Transcribe the data in full and exactly, omitting any pictures.

[[ Provided material, beginning ]]

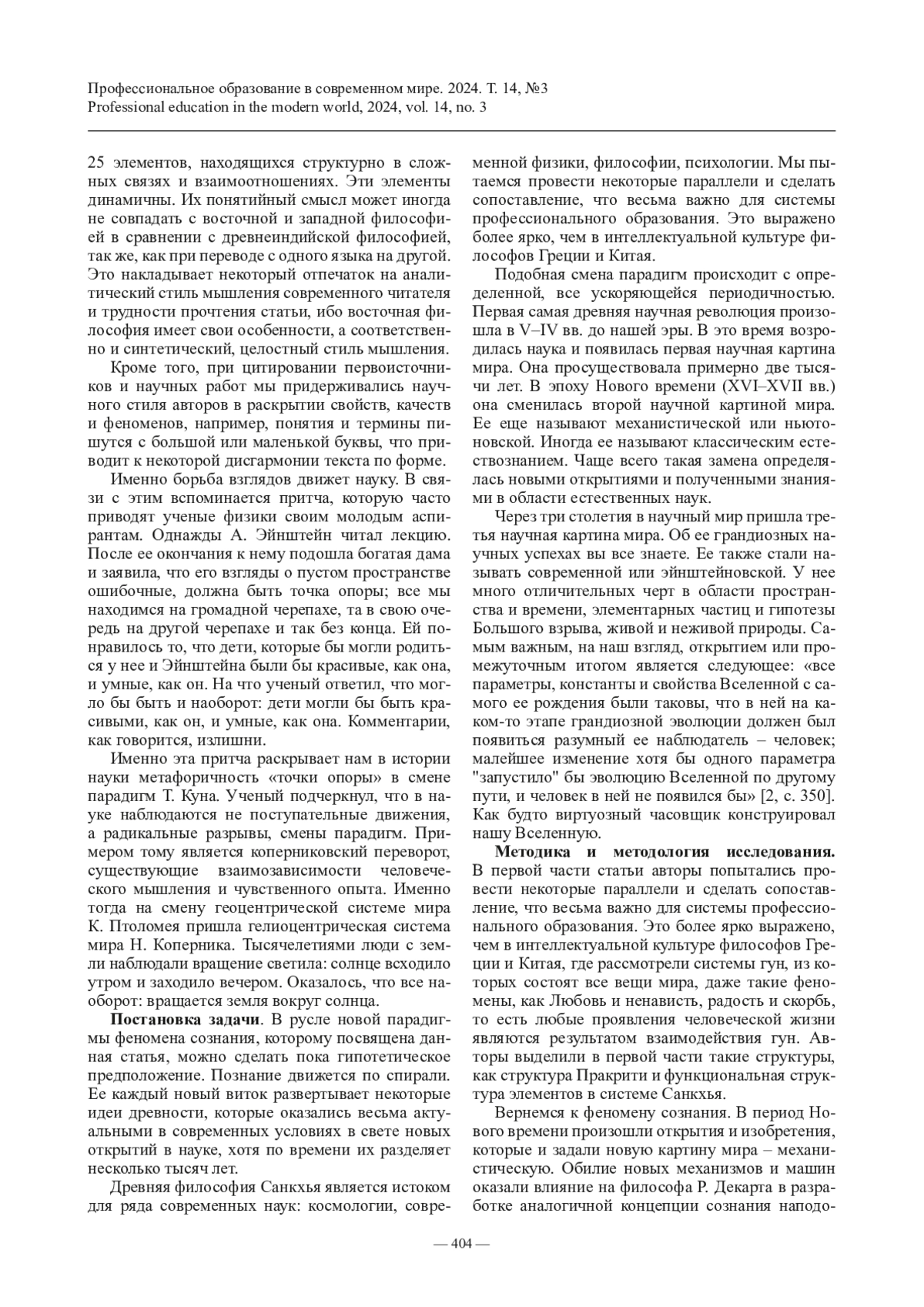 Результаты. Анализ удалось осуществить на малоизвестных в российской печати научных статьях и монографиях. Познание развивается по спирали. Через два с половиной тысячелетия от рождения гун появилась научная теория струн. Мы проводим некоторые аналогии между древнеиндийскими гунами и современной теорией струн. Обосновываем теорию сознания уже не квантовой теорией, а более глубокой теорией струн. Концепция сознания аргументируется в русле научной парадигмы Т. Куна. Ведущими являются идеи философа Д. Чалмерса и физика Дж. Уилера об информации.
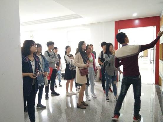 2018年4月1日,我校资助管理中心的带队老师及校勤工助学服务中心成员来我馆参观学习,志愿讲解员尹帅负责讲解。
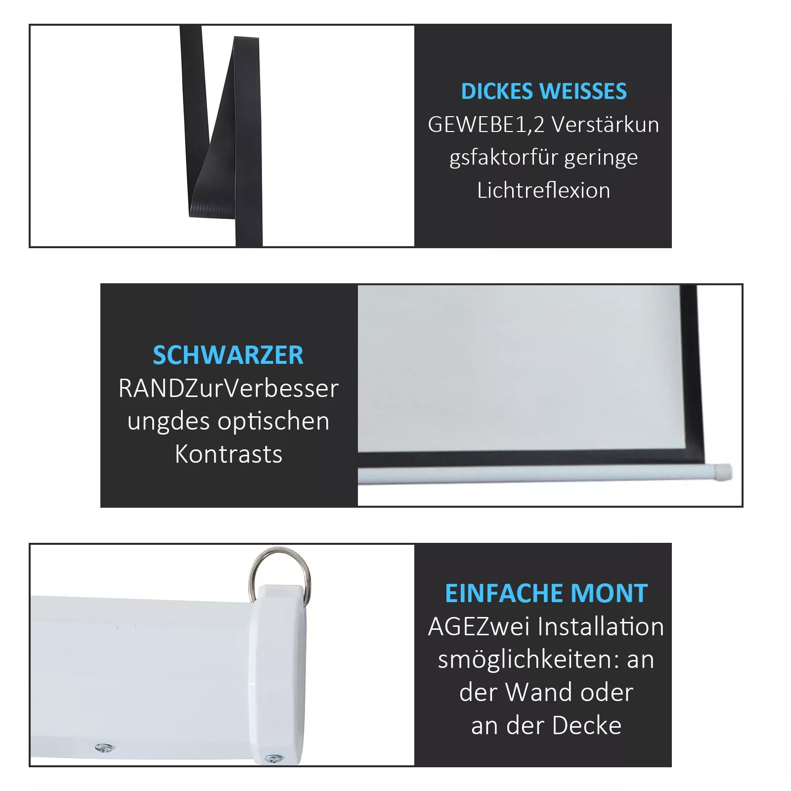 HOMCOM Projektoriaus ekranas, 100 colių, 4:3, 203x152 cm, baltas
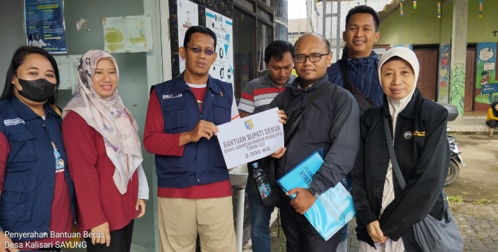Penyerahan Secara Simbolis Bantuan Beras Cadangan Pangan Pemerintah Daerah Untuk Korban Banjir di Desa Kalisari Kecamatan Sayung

[[ Provided material, end ]]

> _Final answer_
 Результаты. Анализ удалось осуществить на малоизвестных в российской печати научных статьях и монографиях. Познание развивается по спирали. Через два с половиной тысячелетия от рождения гун появилась научная теория струн. Мы проводим некоторые аналогии между древнеиндийскими гунами и современной теорией струн. Обосновываем теорию сознания уже не квантовой теорией, а более глубокой теорией струн. Концепция сознания аргументируется в русле научной парадигмы Т. Куна. Ведущими являются идеи философа Д. Чалмерса и физика Дж. Уилера об информации.
 2018年4月1日,我校资助管理中心的带队老师及校勤工助学服务中心成员来我馆参观学习,志愿讲解员尹帅负责讲解。
 HOMCOM Projektoriaus ekranas, 100 colių, 4:3, 203x152 cm, baltas
Penyerahan Secara Simbolis Bantuan Beras Cadangan Pangan Pemerintah Daerah Untuk Korban Banjir di Desa Kalisari Kecamatan Sayung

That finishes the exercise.